A tool that looks impressive in week one but creates maintenance drag by month three is not solving the real problem. It is moving the problem.


What QA Engineers Should Take From This

The practitioner consensus is not “automation is bad.”

It is sharper than that:

  • Automate repetitive regression where it clearly reduces pain.

  • Do not automate low-value flows just to increase test count.

  • Track flaky tests as trust risks, not minor annoyances.

  • Push for stable testability hooks if using locator-based frameworks.

  • Treat AI output as a draft.

  • Keep humans responsible for risk, judgment, and exploratory coverage.

  • Measure automation by release confidence, not just execution speed.

The best QA teams are not anti-automation. They are anti-waste.

They want automation that removes boring work, catches real regressions, and makes releases safer.

They do not want another brittle system that breaks every sprint and then gets blamed on QA.


Where Mobile Test Automation Needs to Go Next

Mobile testing is where these maintenance problems become most visible.

Mobile apps have more moving parts: devices, emulators, OS versions, gestures, keyboards, permissions, network states, app backgrounding, backend dependencies, and fast-changing UI.

That makes mobile test automation valuable, but also fragile when it is built on brittle layers.

The next generation of mobile automation needs to reduce the maintenance burden, not just create tests faster.

That means:

  • Less dependence on implementation-level selectors

  • Better handling of dynamic screens and app states

  • Clear failure evidence with screenshots, logs, and step context

  • Tests grounded in actual app behavior

  • AI assistance that stays reviewable

  • Workflows QA teams can understand and control

  • Regression automation that improves confidence without bloating the suite

This is also why tooling language needs to change.

QA engineers are tired of vague claims like “AI-powered,” “self-healing,” and “fully autonomous.” They want to know what actually happens when the app changes.

Does the test survive?

Does the tool explain what failed?

Does QA stay in control?

Does it reduce maintenance, or does it create another maintenance layer?

Those are the questions that matter.


A Transparent Note From Quash

Quash is our product, so we have a point of view here.

We built Quash around many of the same patterns this research surfaced: mobile tests should be easier to create, less tied to brittle locators, grounded in real app behavior, and useful to QA teams rather than positioned as a replacement for them.

That does not mean every team should drop its current framework.
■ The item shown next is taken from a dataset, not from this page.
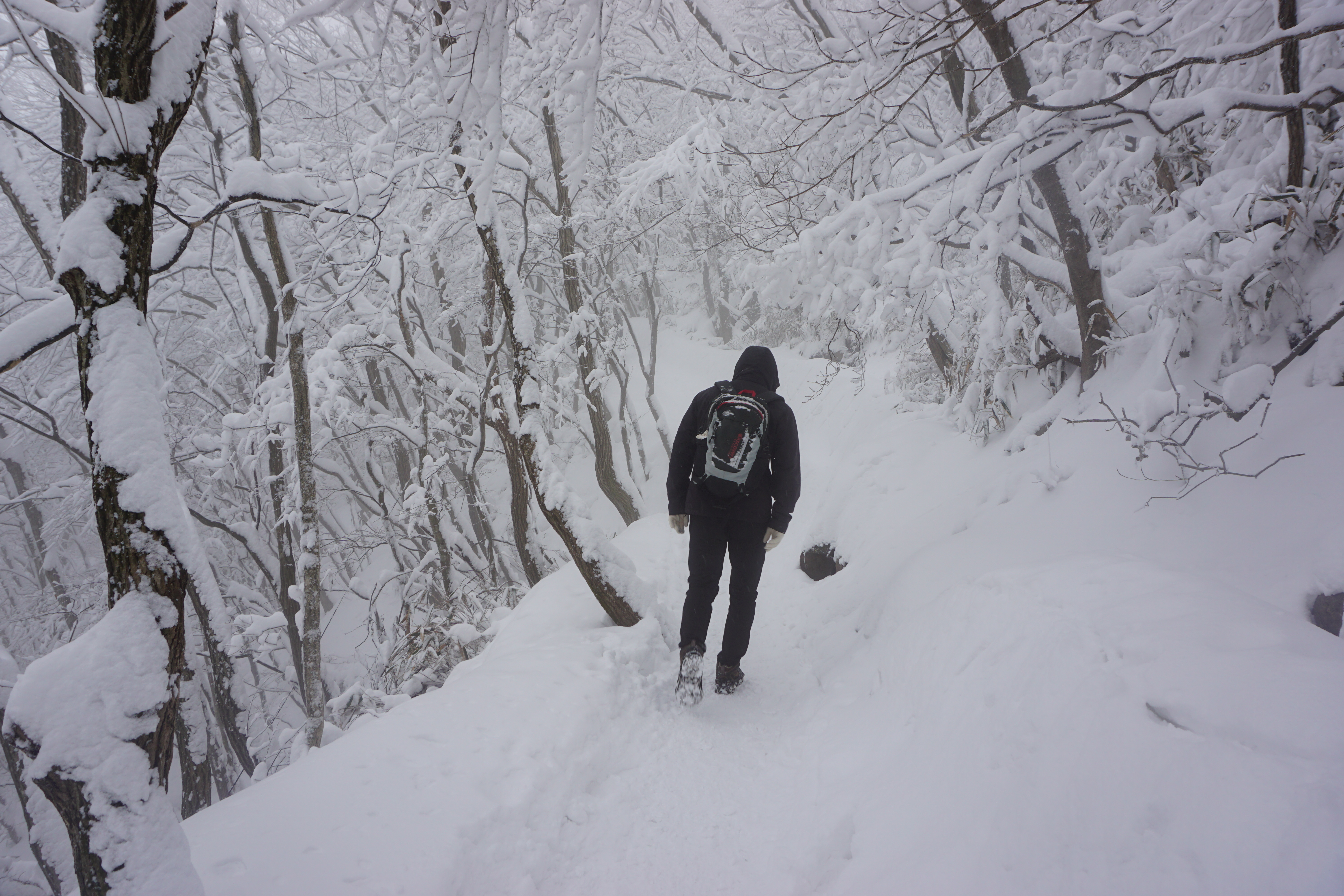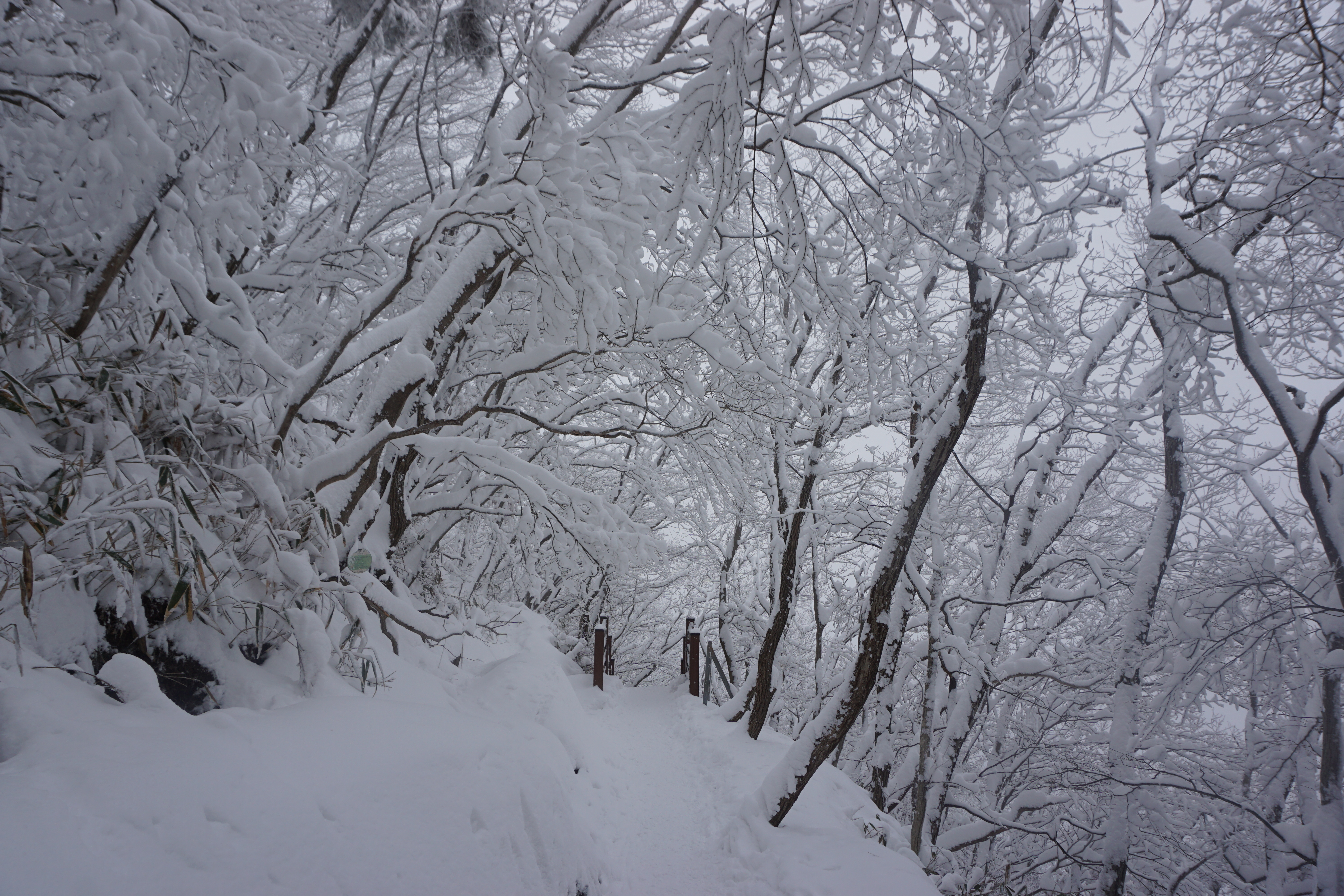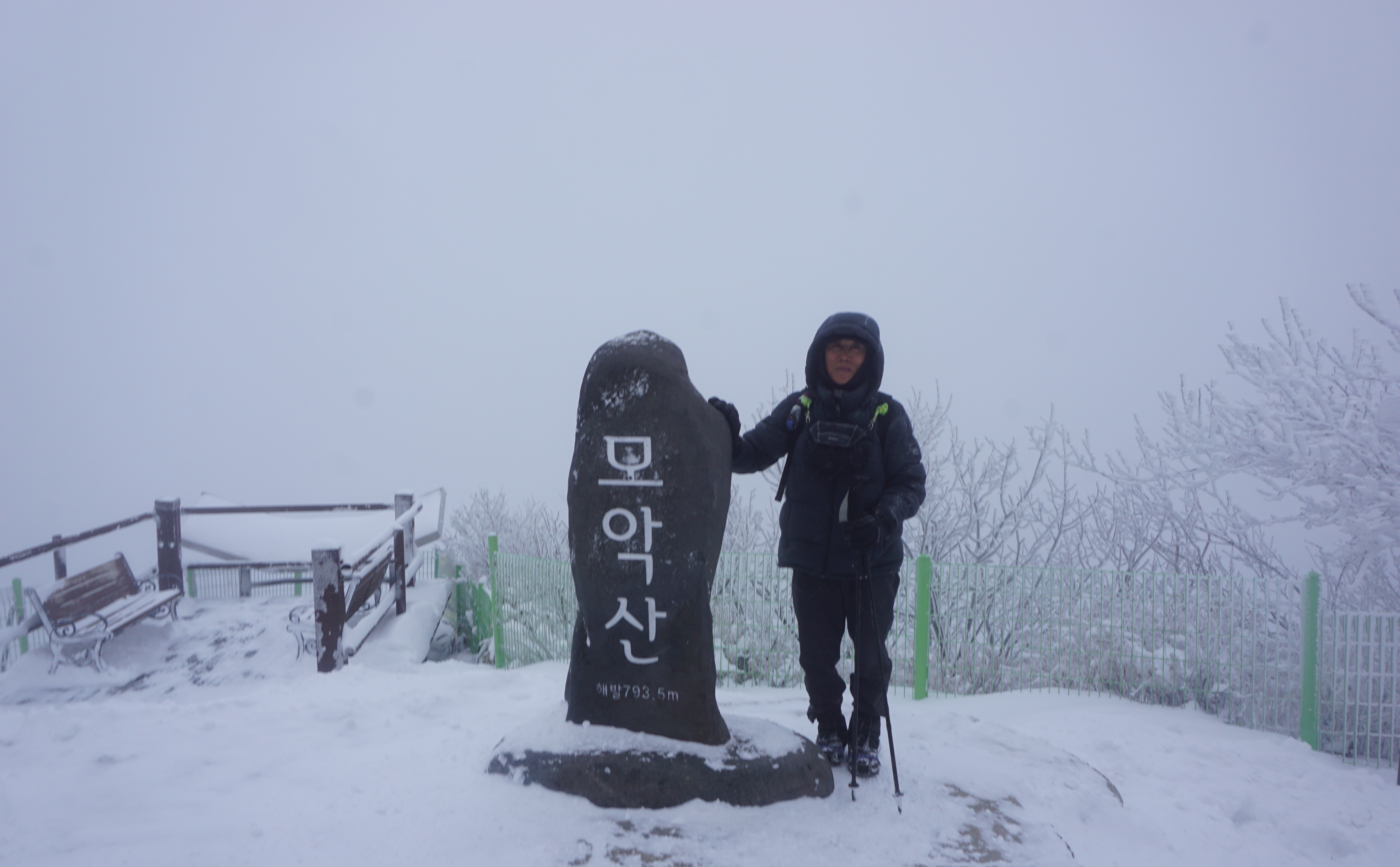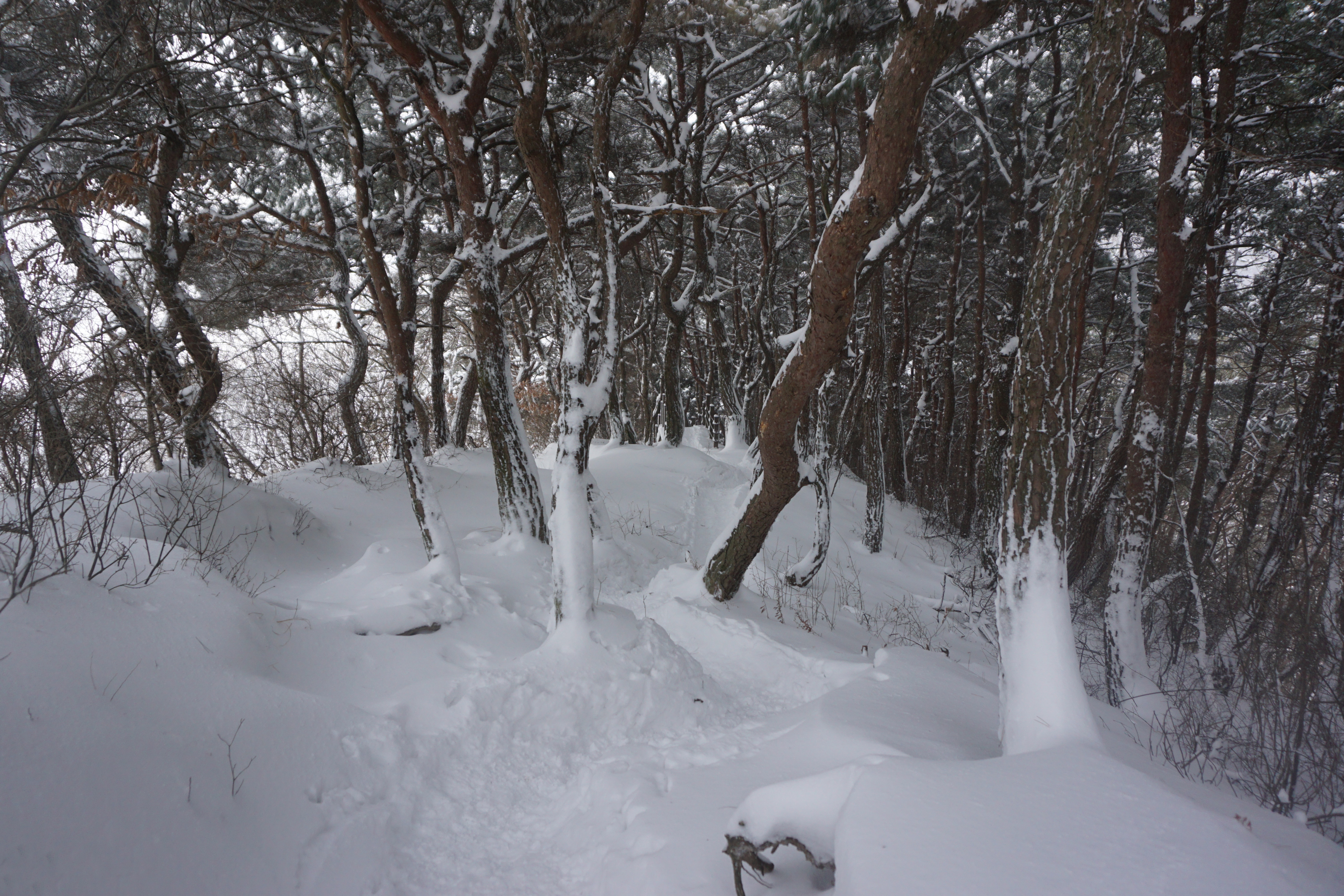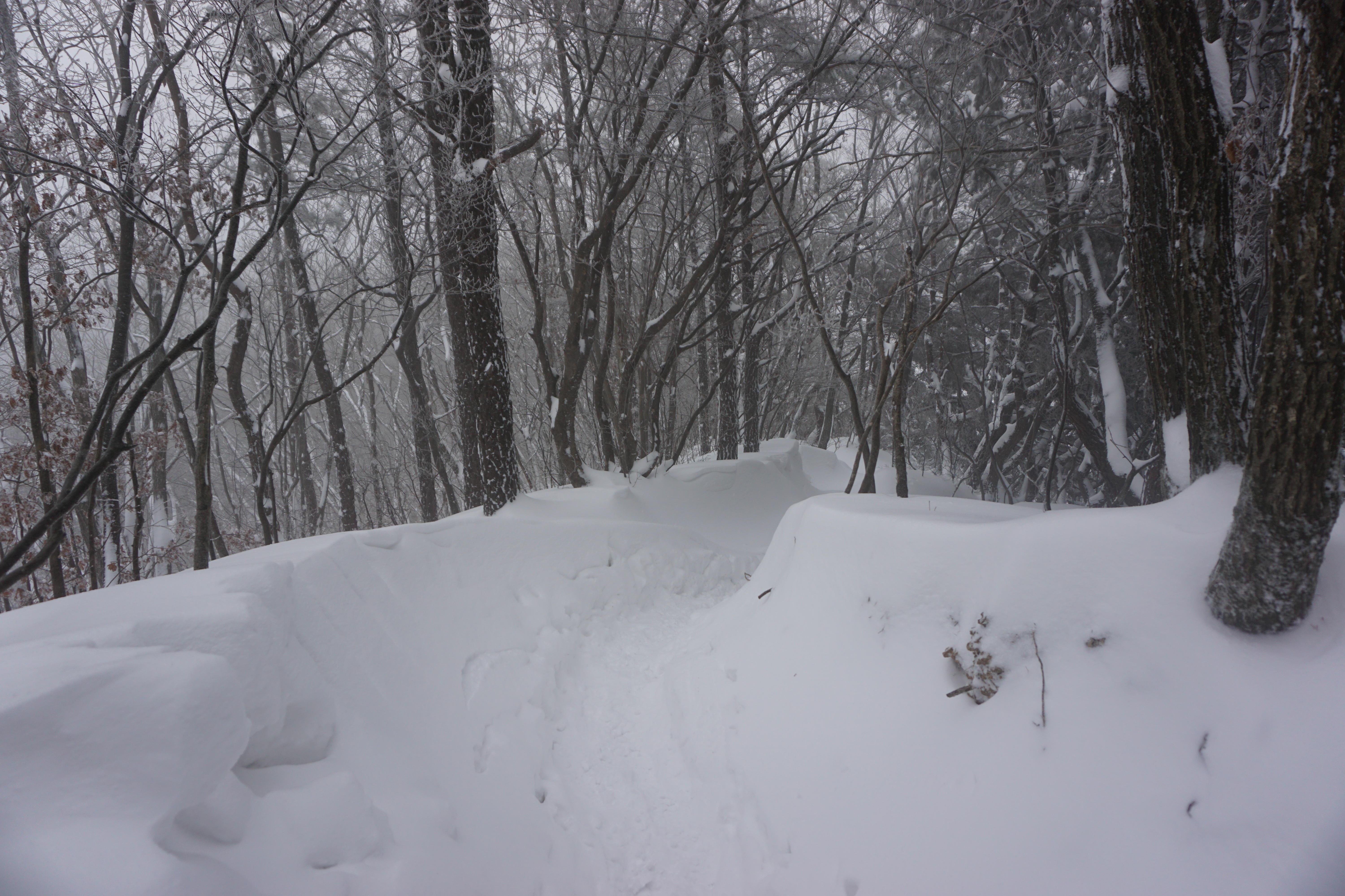모악산 입구에 도착하니 눈은 줄기차게 내리고 있어서 스페츠와 아이젠을 착용하고 출발하였다. 내가 지금까지의 모악산에서 처음으로 많은 눈길을 걸은 것 같았다. 곳곳에 눈이 밀어붙여 싸인곳이 많았고 가끔 눈보라도 몰아치기도 했다.

Appium, native frameworks, and scripted automation still make sense for teams with strong automation engineering support.

But if your mobile automation suite keeps breaking because the UI changes, locator maintenance is eating QA time, or flaky tests have made CI hard to trust, it may be time to rethink the maintenance model instead of adding more scripts.

You can explore Quash’s mobile test execution workflow if that problem sounds familiar.


Conclusion: Maintenance Is the Real Automation Test

The first test is not the real test of an automation strategy.

The real test comes later.

It comes after the UI changes. After the locator disappears. After the framework updates. After CI fails randomly. After the team has ignored enough flaky tests that a red build no longer creates urgency.

That is when you find out whether automation is giving the team confidence or quietly creating more work.

QA engineers are not asking for magic. They are asking for automation that respects reality:

  • Apps change.

  • Mobile is messy.

  • Locators drift.

  • AI needs review.

  • Flaky tests destroy trust.

  • Humans still make the hard quality calls.

  • ROI means confidence, not just speed.

The teams that understand this will build smaller, stronger, more trusted automation suites.

The teams that ignore it will keep adding tests to a system nobody fully believes.

And that is the real state of test automation maintenance.